Task details:
Every record that follows should be written out word for word; the pictures stay out.

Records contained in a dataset

========

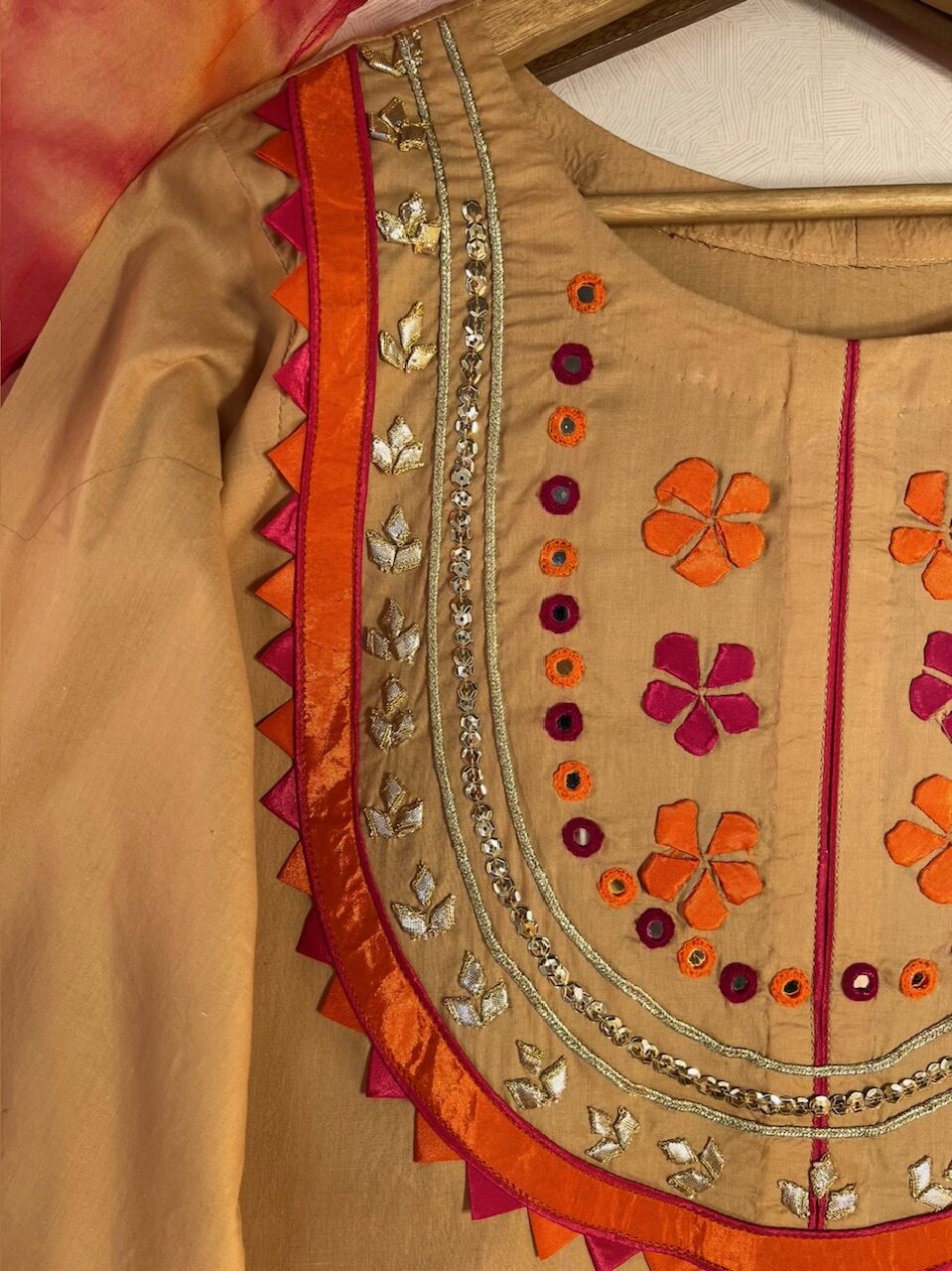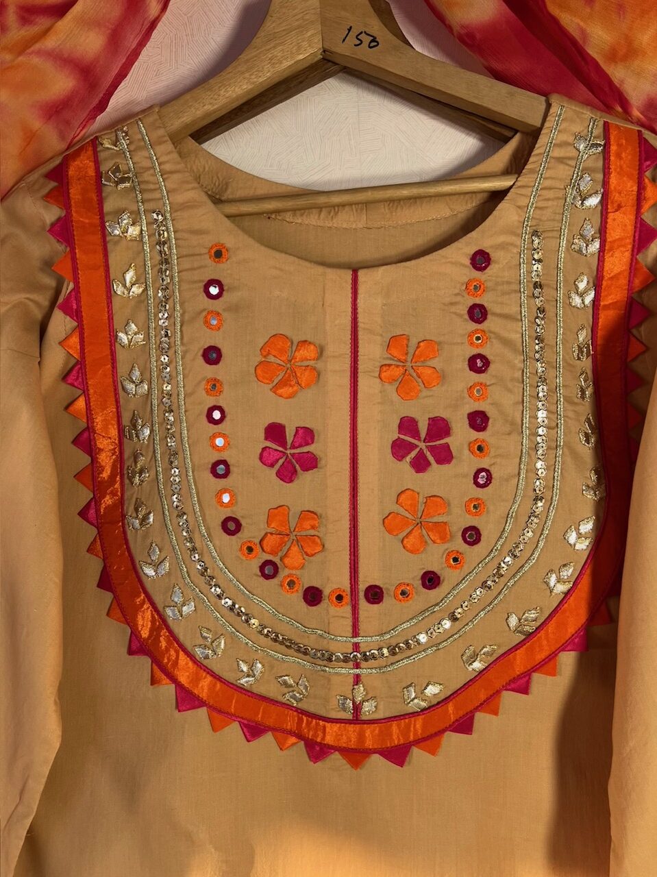 | shirt | multicolour 3d applic with bordering koli Piping and Triangular Sitary |
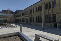 This is a photo of a modern architecture building in the bustling city of Toronto, Canada. The building's facade is made of concrete and features large windows that reflect the clear sky above. Surrounding the building, the urban design incorporates brownstone and brick structures, creating a unique mix of architectural styles. The road surface and public spaces are well-maintained, providing a pleasant environment for pedestrians. The photo captures the hard shadows cast by the buildings, adding depth to the scene. This image represents the dynamic and vibrant urban landscape of Toronto.
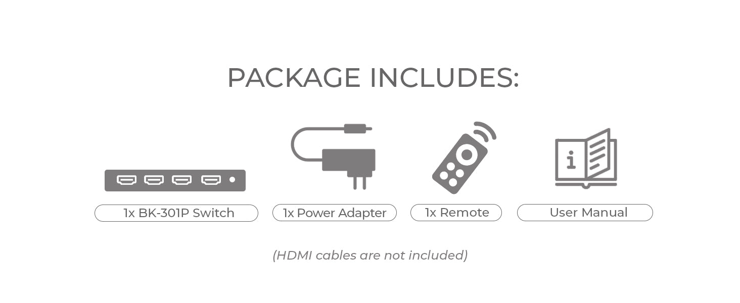 Designed for convenience, the BK-301P offers auto and manual input switching between three HDMI™ sources, with control options via front panel buttons or the included IR remote. CEC pass-through enables synchronized control between connected HDMI™ devices, simplifying system operation. Compact yet powerful, this HDMI™ switcher provides reliable, intelligent signal management for any modern AV environment.
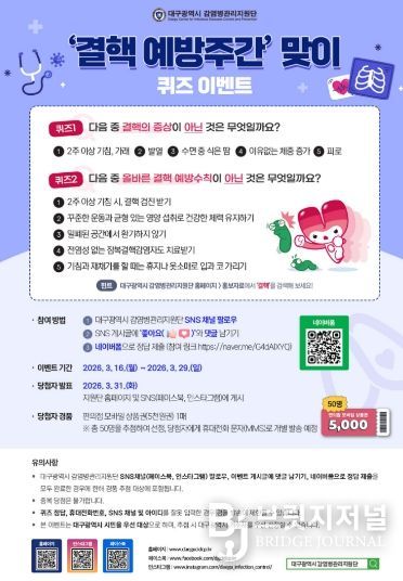 브릿지저널 김진석 기자 | 대구광역시 감염병관리지원단은 ‘제16회 결핵예방의 날’(3.24.)과 ‘결핵 예방주간’(3.22.~28.)을 맞아 시민들의 결핵 예방 인식을 높이기 위한 온라인 퀴즈 이벤트를 개최한다.
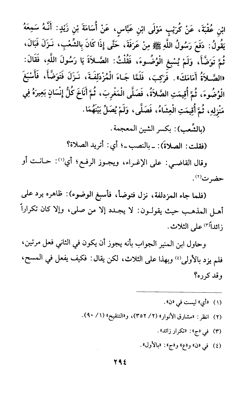 ابْنِ عُقْبةَ، عَنْ كُرَيْبٍ مَوْلَى ابْنِ عَبَّاسٍ، عَنْ أُسَامَةَ بْنِ زيدٍ: أَنَّهُ سَمِعَهُ يَقُولُ: دَفَعَ رَسُولُ اللَّهِ - صلى الله عليه وسلم - مِنْ عَرَفَةَ، حَتَّى إِذَا كَانَ بِالشِّعْبِ، نَزَلَ فَبَالَ، ثم تَوَضَّأَ، وَلَمْ يُسْبغِ الْوُضُوءَ، فَقُلْتُ: الصَّلاَةَ يَا رَسُولَ اللَّهِ، فَقَالَ: "الصَّلاَةُ أَمَامَكَ". فَرَكِبَ، فَلَمَّا جَاءَ الْمُزْدلِفَةَ، نَزَلَ فتوَضَّأَ، فَأَسْبَغ الْوُضُوءَ، ثُمَّ أُقِيمَتِ الصَّلاَةُ، فَصَلَّى الْمَغْرِبَ، ثُمَّ أَناَخَ كُلُّ إنْسَانٍ بَعِيرَهُ فِي مَنْزِلهِ، ثُمَّ أُقِيمَتِ الْعِشَاءُ، فَصَلَّى، وَلَمْ يُصَلِّ بَيْنَهُمَا.
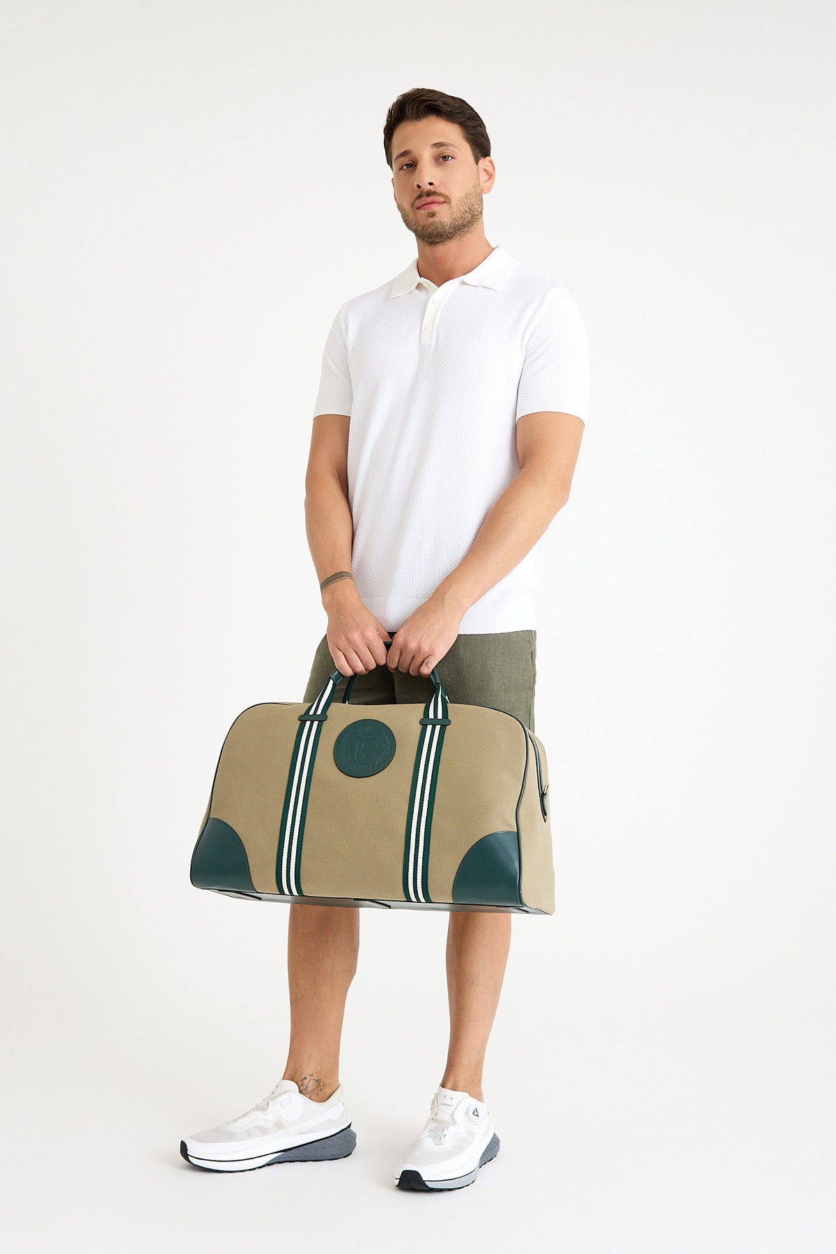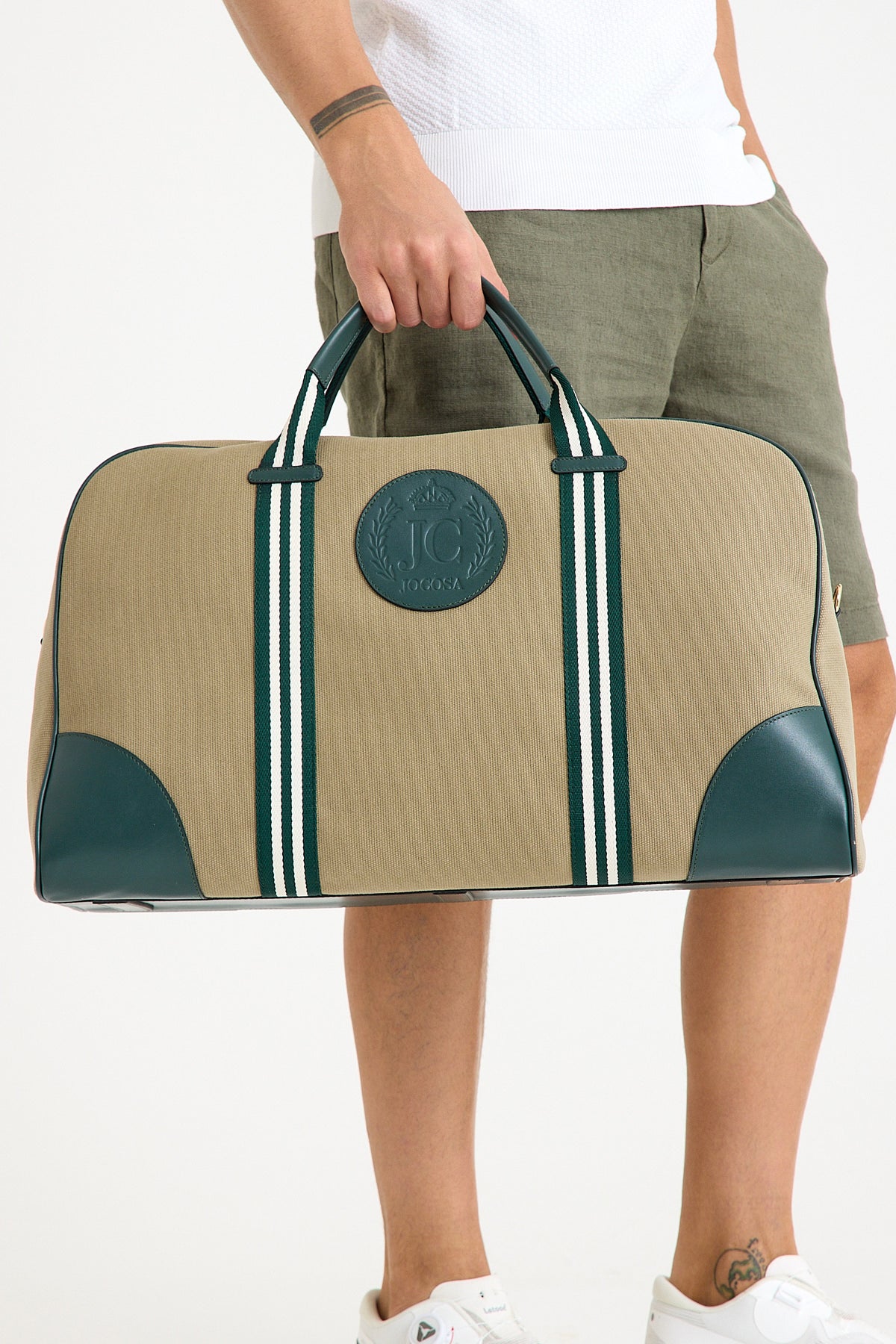 Khaki Canvas/Green Leather/White&Green Strap
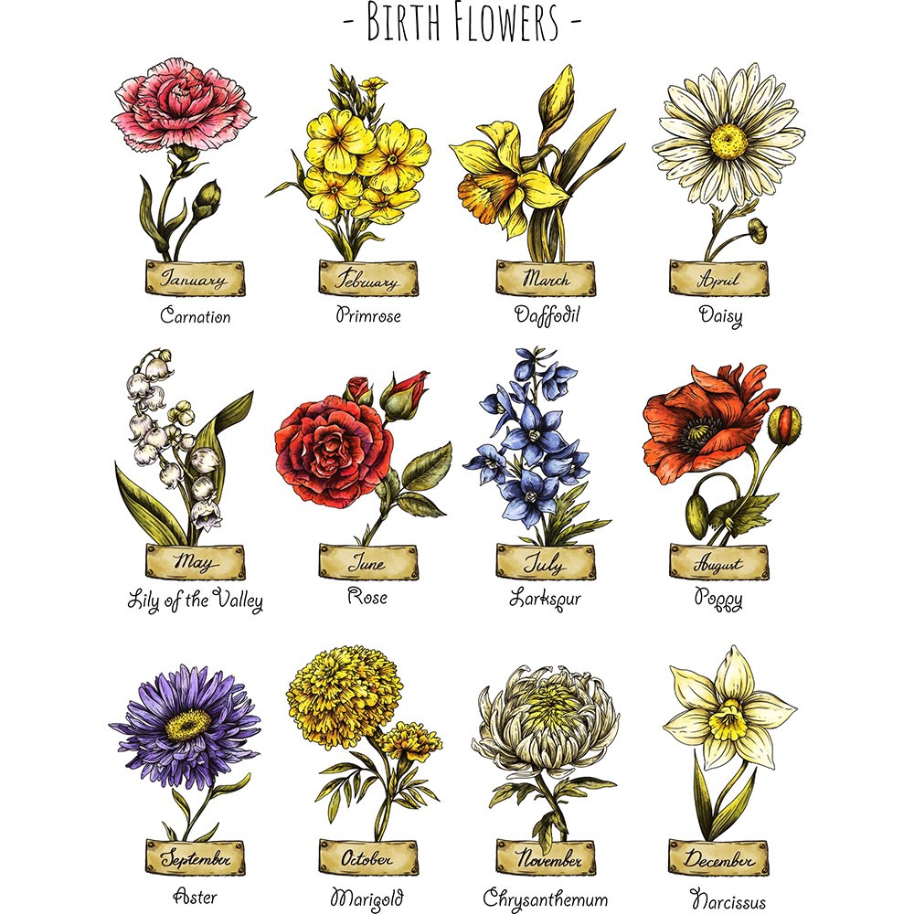 -- Selecteer 9e bloemtype -- Januari-Anjer Februari-Sleutelbloem Maart-Narcis April-Madeliefje May-Lily of the Valley Juni-Roos Juli-Ridderspoor Augustus-Klaproos September-Aster Oktober-Goudsbloem November-Chrysanthemum December-Narcis
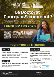Les Écoles doctorales 58 et 60, avec la Direction de la Valorisation, de l’Entrepreneuriat et de la Professionnalisation (DIVEP) de l’Université de Montpellier Paul-Valéry, organisent le lundi 9 mars 2026 une journée d’information intitulée « Le Doctorat : Pourquoi & comment ? ».
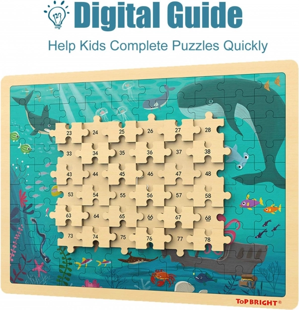 Affida ai bambini un'emozionante avventura con il puzzle in legno Mondo Marino di TOP BRIGHT. Questo puzzle innovativo, realizzato in legno, offre:
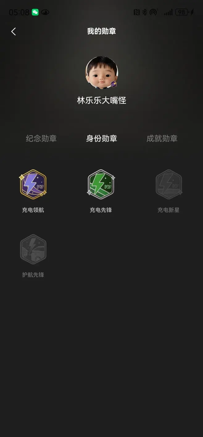 - 身份勋章:「充电领航V3」「充电先锋V2」两枚勋章,是我日常通勤、自驾出行的最佳见证。从阳江到珠海、广州、广西、云南,每一次长途自驾、每一次补能,都在为这两枚勋章升级助力,也让我彻底告别了里程焦虑。

========

Your response:
 | shirt | multicolour 3d applic with bordering koli Piping and Triangular Sitary |
 This is a photo of a modern architecture building in the bustling city of Toronto, Canada. The building's facade is made of concrete and features large windows that reflect the clear sky above. Surrounding the building, the urban design incorporates brownstone and brick structures, creating a unique mix of architectural styles. The road surface and public spaces are well-maintained, providing a pleasant environment for pedestrians. The photo captures the hard shadows cast by the buildings, adding depth to the scene. This image represents the dynamic and vibrant urban landscape of Toronto.
 Designed for convenience, the BK-301P offers auto and manual input switching between three HDMI™ sources, with control options via front panel buttons or the included IR remote. CEC pass-through enables synchronized control between connected HDMI™ devices, simplifying system operation. Compact yet powerful, this HDMI™ switcher provides reliable, intelligent signal management for any modern AV environment.
 브릿지저널 김진석 기자 | 대구광역시 감염병관리지원단은 ‘제16회 결핵예방의 날’(3.24.)과 ‘결핵 예방주간’(3.22.~28.)을 맞아 시민들의 결핵 예방 인식을 높이기 위한 온라인 퀴즈 이벤트를 개최한다.
 ابْنِ عُقْبةَ، عَنْ كُرَيْبٍ مَوْلَى ابْنِ عَبَّاسٍ، عَنْ أُسَامَةَ بْنِ زيدٍ: أَنَّهُ سَمِعَهُ يَقُولُ: دَفَعَ رَسُولُ اللَّهِ - صلى الله عليه وسلم - مِنْ عَرَفَةَ، حَتَّى إِذَا كَانَ بِالشِّعْبِ، نَزَلَ فَبَالَ، ثم تَوَضَّأَ، وَلَمْ يُسْبغِ الْوُضُوءَ، فَقُلْتُ: الصَّلاَةَ يَا رَسُولَ اللَّهِ، فَقَالَ: "الصَّلاَةُ أَمَامَكَ". فَرَكِبَ، فَلَمَّا جَاءَ الْمُزْدلِفَةَ، نَزَلَ فتوَضَّأَ، فَأَسْبَغ الْوُضُوءَ، ثُمَّ أُقِيمَتِ الصَّلاَةُ، فَصَلَّى الْمَغْرِبَ، ثُمَّ أَناَخَ كُلُّ إنْسَانٍ بَعِيرَهُ فِي مَنْزِلهِ، ثُمَّ أُقِيمَتِ الْعِشَاءُ، فَصَلَّى، وَلَمْ يُصَلِّ بَيْنَهُمَا.
 Khaki Canvas/Green Leather/White&Green Strap
 -- Selecteer 9e bloemtype -- Januari-Anjer Februari-Sleutelbloem Maart-Narcis April-Madeliefje May-Lily of the Valley Juni-Roos Juli-Ridderspoor Augustus-Klaproos September-Aster Oktober-Goudsbloem November-Chrysanthemum December-Narcis
Les Écoles doctorales 58 et 60, avec la Direction de la Valorisation, de l’Entrepreneuriat et de la Professionnalisation (DIVEP) de l’Université de Montpellier Paul-Valéry, organisent le lundi 9 mars 2026 une journée d’information intitulée « Le Doctorat : Pourquoi & comment ? ».
 Affida ai bambini un'emozionante avventura con il puzzle in legno Mondo Marino di TOP BRIGHT. Questo puzzle innovativo, realizzato in legno, offre:
 - 身份勋章:「充电领航V3」「充电先锋V2」两枚勋章,是我日常通勤、自驾出行的最佳见证。从阳江到珠海、广州、广西、云南,每一次长途自驾、每一次补能,都在为这两枚勋章升级助力,也让我彻底告别了里程焦虑。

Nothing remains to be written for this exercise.